I kept checking after sunset tonight to try to get my first glimpse of the Moon after LRO's LOI, but clouds covered all but a small strip of sky along the horizon. It wasn't until late (9:43 PM EDT, to be exact) that I finally spotted it in that strip from my mom's apartment window. I called my colleague Scott Walling (manning the flight software station in the LSR) to tell him to look for it when he went off shift at 10, and then we went outside to get a better view for ourselves and talked for a while.

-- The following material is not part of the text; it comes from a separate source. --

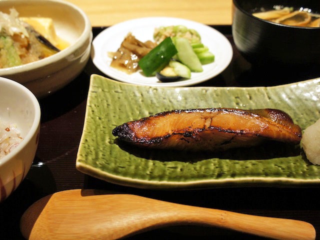 十穀米と味噌汁がつき、お膳にのっかりやってくる。
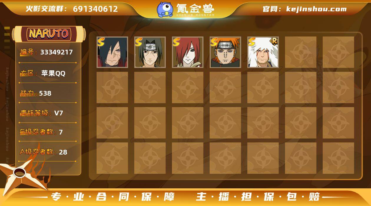 [18629178]V7 7S忍 28A忍 14通灵 538.5W战力 可二次 可修改实名 【S级忍者】宇智波斑「秽土转生·解」,自来也 「舞之豪杰」,漩涡鸣人·宇智波佐助,宇智波带土「十尾人柱力」,长门「秽土转生」,宇智波鼬 「须佐能乎」,佩恩「天道」

If I'd thought ahead, I would've asked my Flight Dynamics colleagues where LRO was in its orbit at particular times. There's no chance of seeing it, but it's cool to have a rough idea of where it should be while you're looking at the Moon. I do know that LRO is orbiting the Moon counter-clockwise as we currently see it. The orbit (as of tonight) takes it as close as about 120 miles above the south pole, and as far as a thousand above the north. That would be about half the width of the lunar disk away from the northern edge.
As is often the case when the Moon is a crescent, we could faintly see some of the surface features on its night side. That's caused by Earthlight. A nearly full Earth (four times larger than the Moon appears in our sky) is shining in the Moon's (and LRO's) sky now, with only a sliver of darkness along its eastern edge. (The phase of Earth's disk as seen from the Moon is always a mirror image of the Moon's phase as we see it, with light and dark areas reversed.)